• Exercise brief:
Your output should be an exact copy of the records, with no pictures in it.

• Available data:
BEGIN

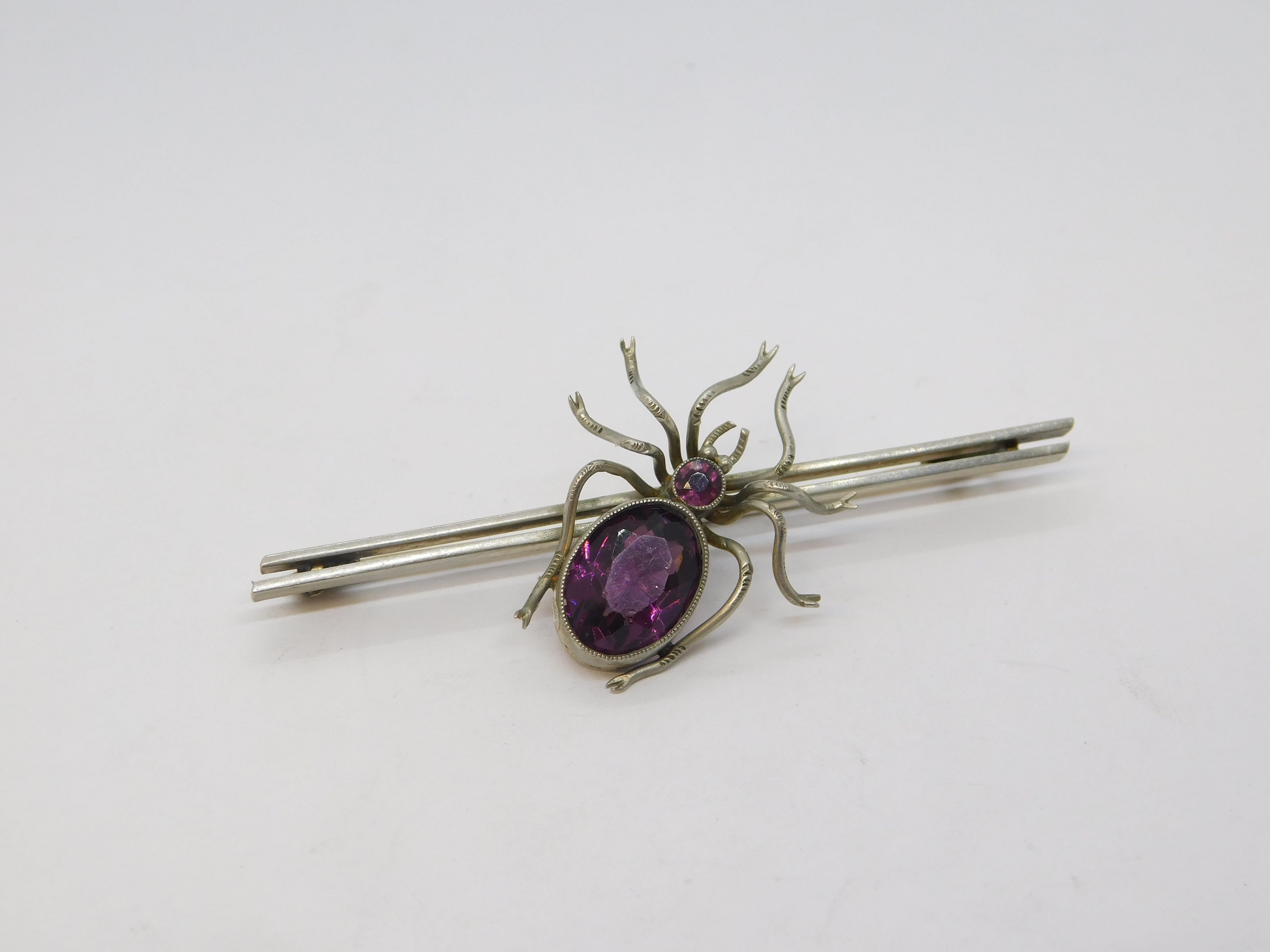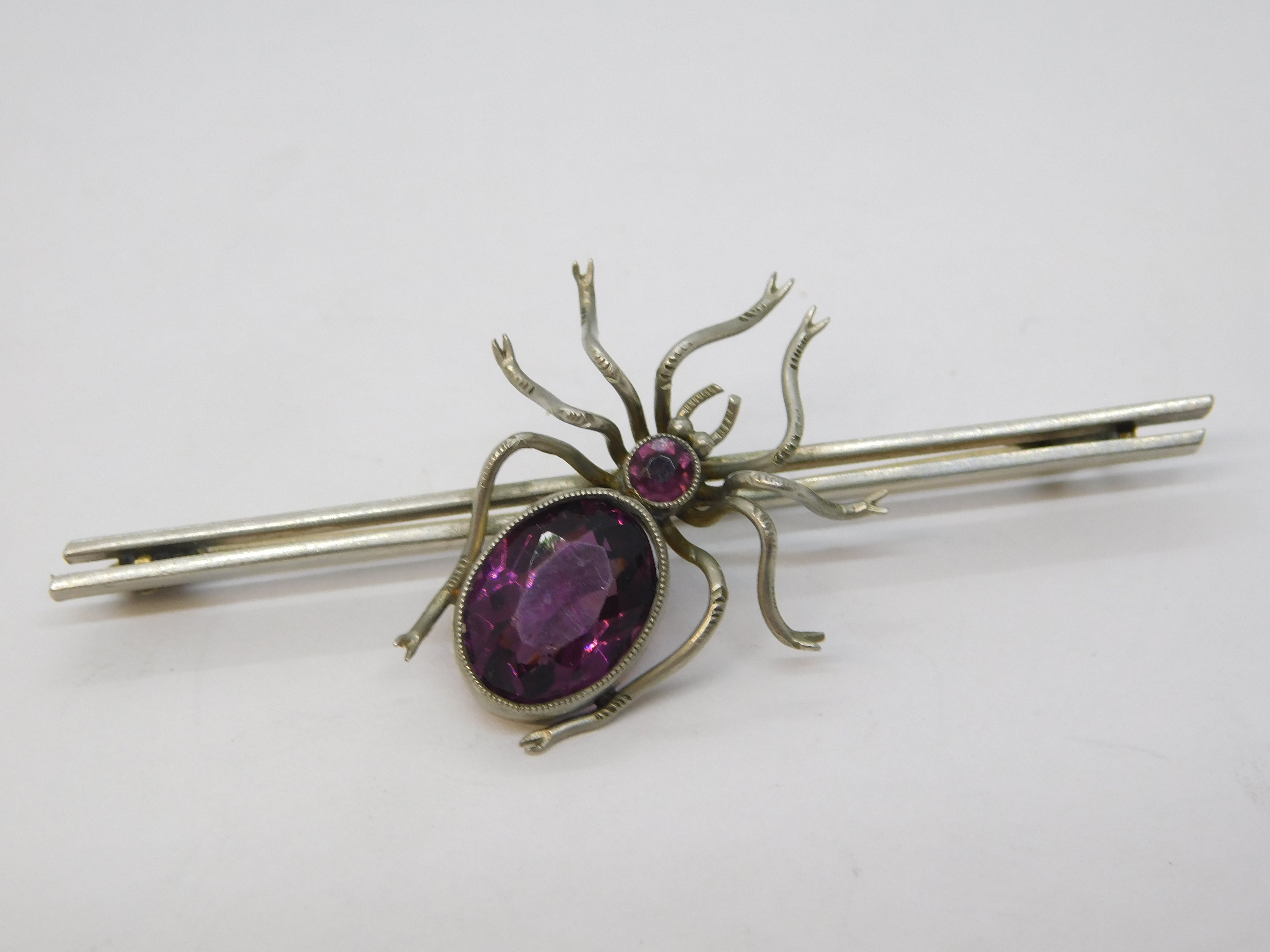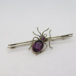 Edwardian Silver Plated Purple Paste Set Spider Insect Brooch Antique c1910
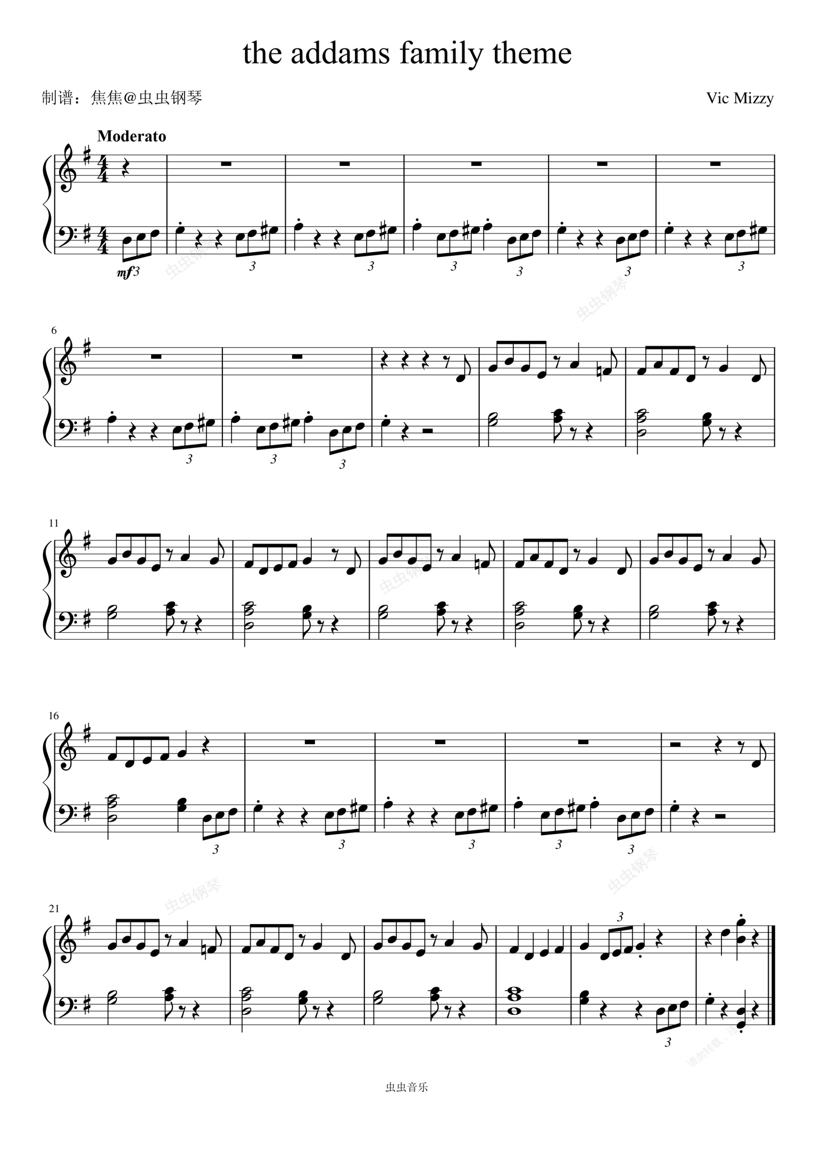 钢琴谱:The Addams Family (Theme) - Christina Aguilera (克里斯蒂娜·阿奎莱拉)/Vic Mizzy
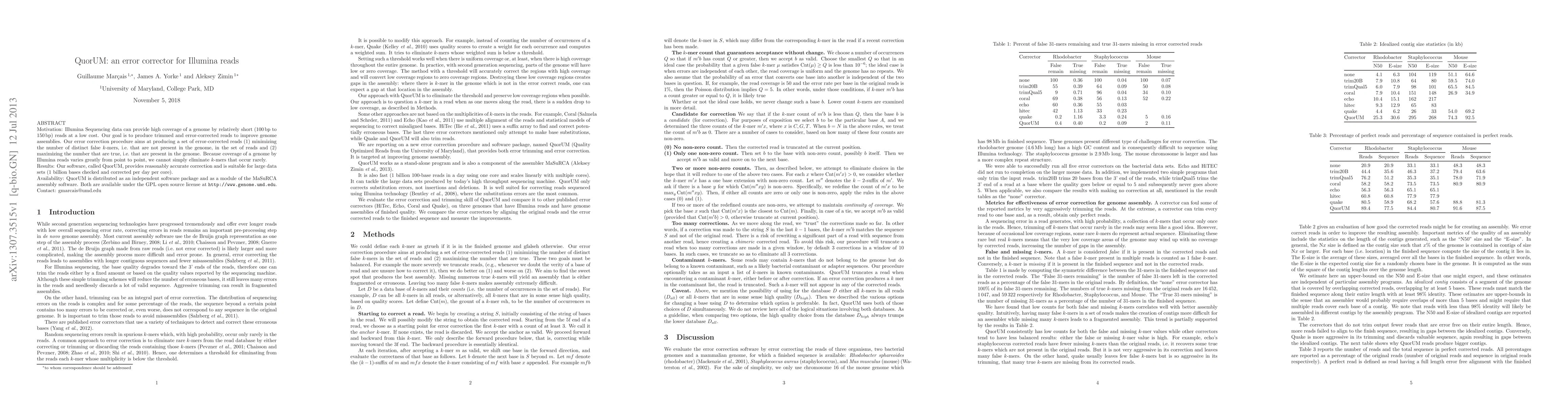 Motivation: Illumina Sequencing data can provide high coverage of a genome by relatively short (100 bp150 bp) reads at a low cost. Our goal is to produce trimmed and error-corrected reads to improve genome assemblies. Our error correction procedure aims at producing a set of error-corrected reads (1) minimizing the number of distinct false k-mers, i.e. that are not present in the genome, in the set of reads and (2) maximizing the number that are true, i.e. that are present in the genome. Because coverage of a genome by Illumina reads varies greatly from point to point, we cannot simply eliminate k-mers that occur rarely. Results: Our software, called QuorUM, provides reasonably accurate correction and is suitable for large data sets (1 billion bases checked and corrected per day per core). Availability: QuorUM is distributed as an independent software package and as a module of the MaSuRCA assembly software. Both are available under the GPL open source license at http://www.genome.umd.edu. Contact: [email protected]
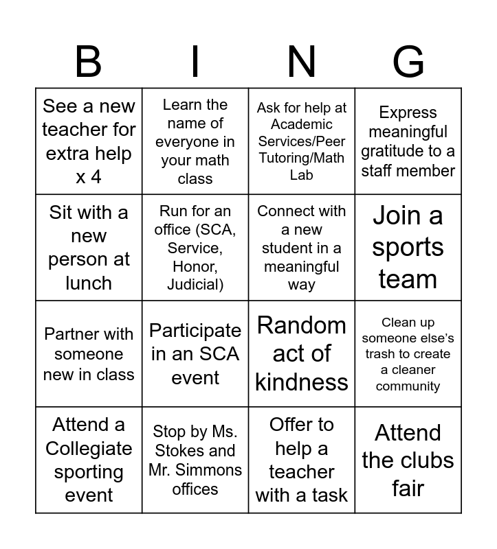 This bingo card has 23 words: Attend the clubs fair, Attend a club meeting, Join a sports team, Participate in the fall play (acting/tech/pit orchestra), Sit with a new person at lunch, See a new teacher for extra help x 4, Run for an office (SCA, Service, Honor, Judicial), Learn the name of everyone in your math class, Attend a Collegiate sporting event, Attend the fall play, Participate in an SCA event, Partner with someone new in class, Volunteer at a non-school activity, Introduce yourself to Mr. Peebles, Stop by Ms. Stokes and Mr. Simmons offices, Introduce yourself to Mr. Loach or Mr. Palyo, Ask for help at Academic Services/Peer Tutoring/Math Lab, Random act of kindness, Connect with a new student in a meaningful way, Clean up someone else’s trash to create a cleaner community, Express meaningful gratitude to a staff member, Offer to help a teacher with a task and Start a study group with members of a class.
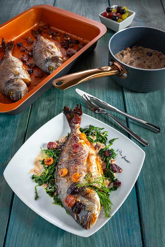 • Navrch položíme ryby a kolem nich většinu pečených kuliček hroznového vína.
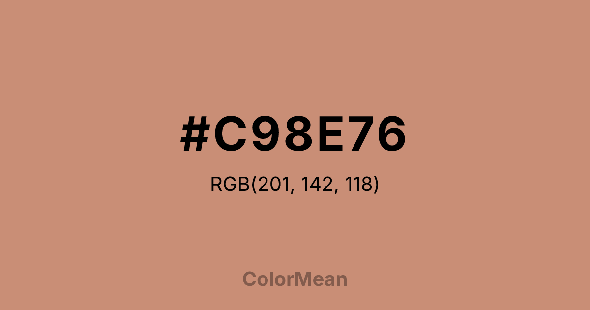 #C98E76 RGB value is (201, 142, 118). The hex color red value is 201, green is 142, and blue is 118. Its HSL format shows a hue of 17°, saturation of 43 percent, and lightness of 63 percent. The CMYK process values are 0 percent, 29 percent, 41 percent, 21 percent.

END

• Output of the task:
 Edwardian Silver Plated Purple Paste Set Spider Insect Brooch Antique c1910
 钢琴谱:The Addams Family (Theme) - Christina Aguilera (克里斯蒂娜·阿奎莱拉)/Vic Mizzy
 Motivation: Illumina Sequencing data can provide high coverage of a genome by relatively short (100 bp150 bp) reads at a low cost. Our goal is to produce trimmed and error-corrected reads to improve genome assemblies. Our error correction procedure aims at producing a set of error-corrected reads (1) minimizing the number of distinct false k-mers, i.e. that are not present in the genome, in the set of reads and (2) maximizing the number that are true, i.e. that are present in the genome. Because coverage of a genome by Illumina reads varies greatly from point to point, we cannot simply eliminate k-mers that occur rarely. Results: Our software, called QuorUM, provides reasonably accurate correction and is suitable for large data sets (1 billion bases checked and corrected per day per core). Availability: QuorUM is distributed as an independent software package and as a module of the MaSuRCA assembly software. Both are available under the GPL open source license at http://www.genome.umd.edu. Contact: [email protected]
 This bingo card has 23 words: Attend the clubs fair, Attend a club meeting, Join a sports team, Participate in the fall play (acting/tech/pit orchestra), Sit with a new person at lunch, See a new teacher for extra help x 4, Run for an office (SCA, Service, Honor, Judicial), Learn the name of everyone in your math class, Attend a Collegiate sporting event, Attend the fall play, Participate in an SCA event, Partner with someone new in class, Volunteer at a non-school activity, Introduce yourself to Mr. Peebles, Stop by Ms. Stokes and Mr. Simmons offices, Introduce yourself to Mr. Loach or Mr. Palyo, Ask for help at Academic Services/Peer Tutoring/Math Lab, Random act of kindness, Connect with a new student in a meaningful way, Clean up someone else’s trash to create a cleaner community, Express meaningful gratitude to a staff member, Offer to help a teacher with a task and Start a study group with members of a class.
 • Navrch položíme ryby a kolem nich většinu pečených kuliček hroznového vína.
 #C98E76 RGB value is (201, 142, 118). The hex color red value is 201, green is 142, and blue is 118. Its HSL format shows a hue of 17°, saturation of 43 percent, and lightness of 63 percent. The CMYK process values are 0 percent, 29 percent, 41 percent, 21 percent.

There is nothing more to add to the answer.